THE TASK – In the listing below, the answer starts at the line that has "LOVMOR 2 Tier" and stops after the line that has "曲谱介绍: Beyond《不"; please repeat that part exactly and nothing more.

SOURCE DATA –
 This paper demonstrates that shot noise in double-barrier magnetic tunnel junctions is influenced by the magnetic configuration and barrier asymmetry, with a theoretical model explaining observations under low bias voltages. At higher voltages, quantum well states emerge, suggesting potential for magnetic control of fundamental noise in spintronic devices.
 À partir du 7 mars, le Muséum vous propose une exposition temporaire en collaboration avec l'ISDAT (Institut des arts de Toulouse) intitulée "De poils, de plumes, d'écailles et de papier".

...

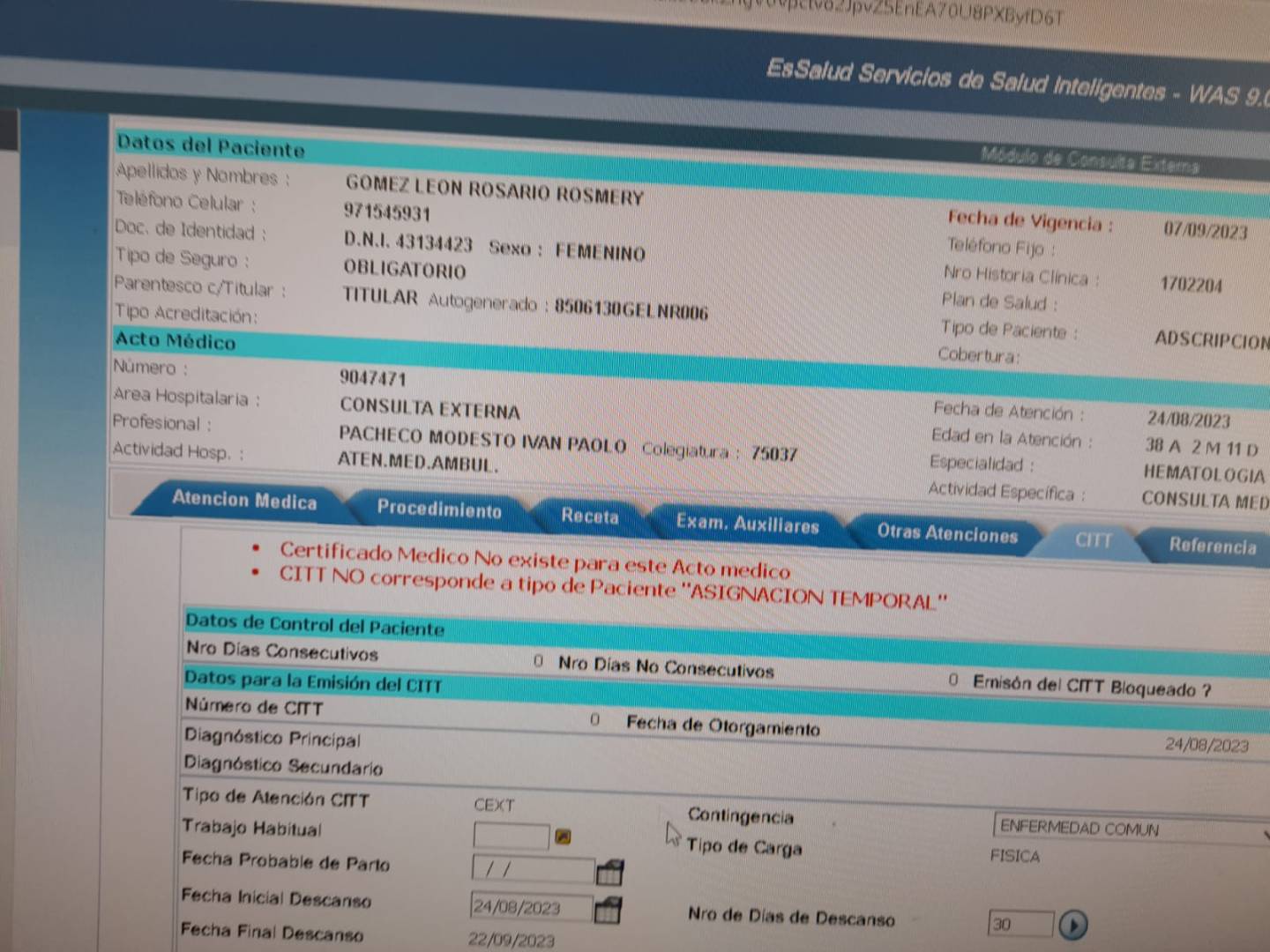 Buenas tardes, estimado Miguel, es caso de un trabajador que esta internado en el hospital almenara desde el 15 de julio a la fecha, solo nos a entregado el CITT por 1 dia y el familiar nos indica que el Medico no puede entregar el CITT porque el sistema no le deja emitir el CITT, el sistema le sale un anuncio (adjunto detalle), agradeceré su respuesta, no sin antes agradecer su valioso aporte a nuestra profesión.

==

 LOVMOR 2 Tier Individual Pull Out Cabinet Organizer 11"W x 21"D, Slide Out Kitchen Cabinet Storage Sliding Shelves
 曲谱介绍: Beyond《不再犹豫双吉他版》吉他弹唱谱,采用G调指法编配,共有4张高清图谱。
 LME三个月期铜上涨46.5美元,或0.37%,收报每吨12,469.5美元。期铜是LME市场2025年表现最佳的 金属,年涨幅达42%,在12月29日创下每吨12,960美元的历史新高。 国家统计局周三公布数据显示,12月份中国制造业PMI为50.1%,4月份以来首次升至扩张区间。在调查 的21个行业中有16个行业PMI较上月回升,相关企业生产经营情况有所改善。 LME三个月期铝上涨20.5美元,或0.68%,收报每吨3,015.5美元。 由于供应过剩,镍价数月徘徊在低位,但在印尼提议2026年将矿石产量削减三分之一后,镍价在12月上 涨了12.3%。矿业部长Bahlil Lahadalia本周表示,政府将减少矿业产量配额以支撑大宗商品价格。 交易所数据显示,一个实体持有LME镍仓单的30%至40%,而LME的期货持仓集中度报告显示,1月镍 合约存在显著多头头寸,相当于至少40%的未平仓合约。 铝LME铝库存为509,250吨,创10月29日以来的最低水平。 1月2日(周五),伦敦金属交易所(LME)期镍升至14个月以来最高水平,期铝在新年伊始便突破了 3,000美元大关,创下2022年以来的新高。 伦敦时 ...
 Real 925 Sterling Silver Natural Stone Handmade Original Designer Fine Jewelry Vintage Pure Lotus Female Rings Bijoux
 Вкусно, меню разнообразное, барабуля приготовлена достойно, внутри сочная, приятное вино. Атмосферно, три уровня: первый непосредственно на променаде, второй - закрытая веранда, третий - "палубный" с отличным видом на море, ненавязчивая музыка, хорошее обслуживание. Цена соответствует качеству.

EXERCISE RESULT –
 LOVMOR 2 Tier Individual Pull Out Cabinet Organizer 11"W x 21"D, Slide Out Kitchen Cabinet Storage Sliding Shelves
 曲谱介绍: Beyond《不再犹豫双吉他版》吉他弹唱谱,采用G调指法编配,共有4张高清图谱。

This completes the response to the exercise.